The next step is to learn pseudo-instructions. First of all, pseudo-instructions are not instructions in the ARM instruction set. They are just defined by the compiler for the convenience of programming. They can be used like other ARM instructions, but they will be replaced by equivalent ARM instructions during compilation. Although some pseudo-instructions are just some extremely simple replacements, they greatly facilitate our programming. It can be said that it is a special mnemonic.

The study of pseudo instructions is only conceptual, not profound. Although I know the meaning of many instructions, I have no idea where to use them. I will have to wait for more time in the future.

In general, there are several ARM instructions:

1. Symbol definition directive

Global variable declarations: GBLA, GBLL, and GBLS.
    Local variable declarations: LCLA, LCLL, and LCLS.
    Variable assignments: SETA, SETL, and SETS.
    Define a name for a general register list: RLIST.
    Define a name for a coprocessor register: CN.
    Define a name for a coprocessor: CP.
    Define a name for a VFP register: DN and SN.
    Define a name for an FPA floating point register: FN.

2. The data definition pseudo-instruction
         declares a literal pool: LTORG.
         Defines the first address of a structured memory table: MAP.
         Defines a data field in the structured memory table: FIELD.
         Allocates a block of memory space and initializes it with 0: SPACE.
         Allocates a section of byte memory units and initializes them with specified data: DCB.
         Allocates a section of word memory units and initializes them with the data of the instruction: DCD and DCDU. Allocates a section of
         word memory units and initializes the content of each unit to the offset of the unit relative to the static base address register: DCDO.
         Allocates a section of double-word memory units and initializes them with double-precision floating-point data: DCFD and DCFDU. Allocates
         a section of word memory units and initializes them with single-precision floating-point data: DCFS and DCFSU. Allocates a section of word memory units and
         initializes them with single-precision floating-point data, specifying that the memory unit stores code instead of data: DCI.
         Allocates a section of double-word memory units and initializes them with 64-bit integer data: DCQ and DCQU.
         Allocate a half-word of memory and initialize it with the specified data: DCW and DCWU.
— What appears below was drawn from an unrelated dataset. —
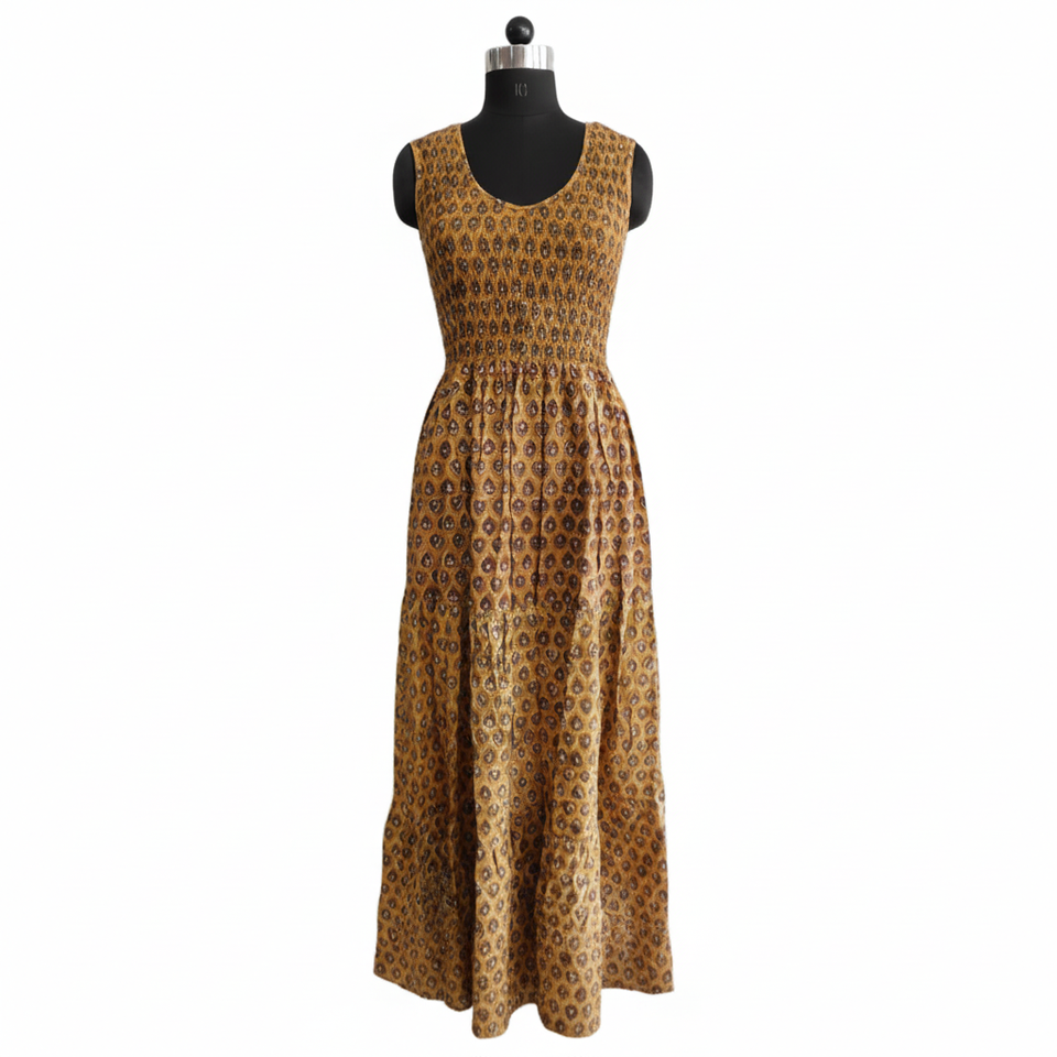 เดรสยาวถึงพื้นยาวผ้าฝ้ายพิมพ์ลายสำหรับผู้หญิงเดรสผ้าทอที่เป็นมิตรต่อสิ่งแวดล้อม

Assertion error: ASSERT. This instruction is quite magical. You can write some assertion error instructions such as ASSERT top<>temp at the beginning of the program. In the second pass of the assembly compiler scanning the assembly program, if the
ASSERT condition is not established, the ASSERT pseudo-instruction will report the error information, thereby reducing errors. It is a bit like try and catch in C++.

3. Assembly control pseudo-instructions/macro pseudo-instructions

Assembly control pseudo instructions are used for conditional assembly, macro definition, repeated assembly control, etc. Such pseudo instructions are as follows:
     Conditional assembly control: IF, ELSE and ENDIF
     Macro definition: MACRO and MEND
     Repeated assembly: WHILE and WEND

These are the places where it is a bit like a high-level language, and pseudo-instructions can be used to implement certain high-level statements. In fact, isn't a high-level language just a package of assembly instructions? It's pretty much the same.

It is worth mentioning MACRO and MEND, which feel like #define in C and are very powerful.

Its pseudo-instruction format:
MACRO
{$label} macroname {$parameter} {$parameter}…

Among them: $label When the macro instruction is expanded, label can be replaced by the corresponding symbol, usually a label. Using $ before a symbol means that the corresponding value will be used to replace the symbol after $ when it is assembled.
macroname The name of the macro defined.
$parameter The parameter of the macro instruction. When the macro instruction is expanded, it will be replaced by the corresponding value, similar to the formal parameter in the function.

It can realize the parameter passing! ! This pseudo instruction makes people want to try it. There will definitely be a chance in the future!

Here is a simple assumption:

In C: #define bigger(a,b) (a > b)

It can be written as (it may be wrong, just try it):

MACRO

$label bigger $a, $b

$label

;GL1 is a defined global variable

CMP $a, $b

MOVEGT GL1, 1

MOVELE GL1, 1

MEND

Call test bigger a, b

Then get the size result in GL1

Of course we can compare directly, but here it is just for demonstration.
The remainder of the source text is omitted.